╭──

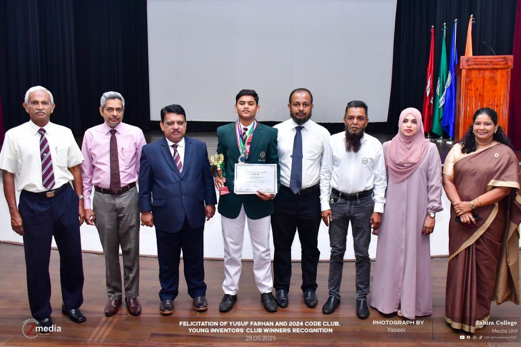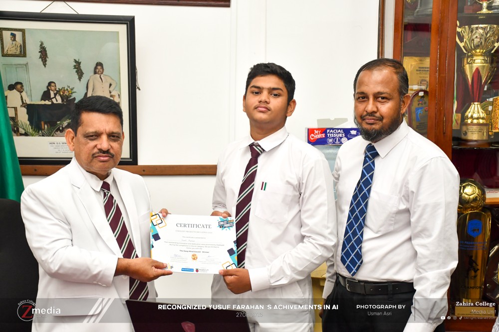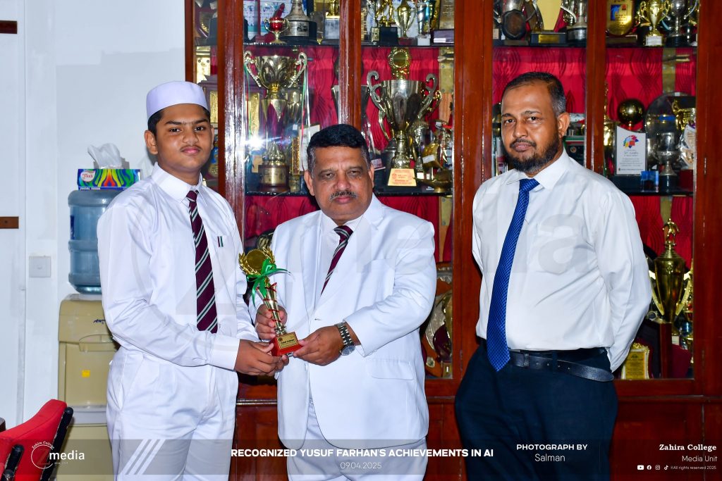 Master Yusuf Farhan, a Grade 10 student of Zahira College Colombo, has demonstrated exceptional skill, creativity, and dedication in the field of Artificial Intelligence (AI). Despite his young age, he has already achieved remarkable success at both national and internationallevels, positioning himself as a promising innovator of the future.
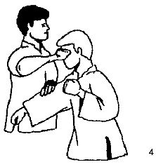 Сделайте движение, обратное наступательному; из правой стойки (рис. 4) левая нога скользит назад (рис. 5) и затем делается полшага назад правой ногой (рис. 6).
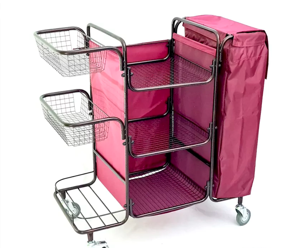 Гостиничная тележка используются для одновременного проведения всех работ по обслуживанию номерного фонда в гостиницах, отелях, домах отдыха, санаториях, палат в больничных комплексах, госпиталях. Модель тележки комплектуется тремя сетчатыми полками , мешком из высокопрочного нейлона 120 л на кронштейне.
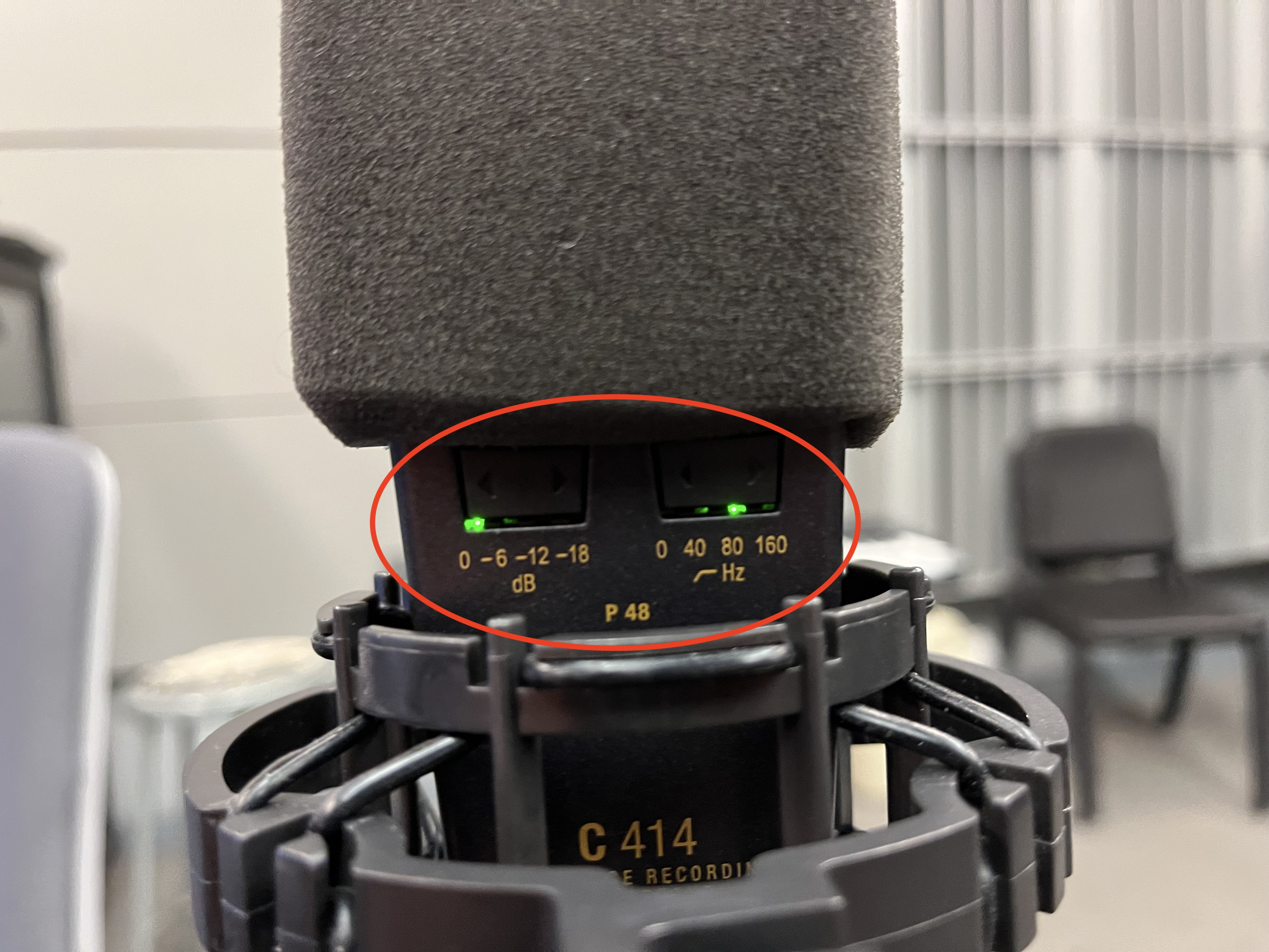 14. On the backs of the microphones, set the *dB* to 0 and the *Hz High Pass* to 80.

╰──

== EXERCISE INSTRUCTIONS ==
Transcribe the data exactly, minus any images.

== TASK RESULT ==
 Master Yusuf Farhan, a Grade 10 student of Zahira College Colombo, has demonstrated exceptional skill, creativity, and dedication in the field of Artificial Intelligence (AI). Despite his young age, he has already achieved remarkable success at both national and internationallevels, positioning himself as a promising innovator of the future.
 Сделайте движение, обратное наступательному; из правой стойки (рис. 4) левая нога скользит назад (рис. 5) и затем делается полшага назад правой ногой (рис. 6).
 Гостиничная тележка используются для одновременного проведения всех работ по обслуживанию номерного фонда в гостиницах, отелях, домах отдыха, санаториях, палат в больничных комплексах, госпиталях. Модель тележки комплектуется тремя сетчатыми полками , мешком из высокопрочного нейлона 120 л на кронштейне.
 14. On the backs of the microphones, set the *dB* to 0 and the *Hz High Pass* to 80.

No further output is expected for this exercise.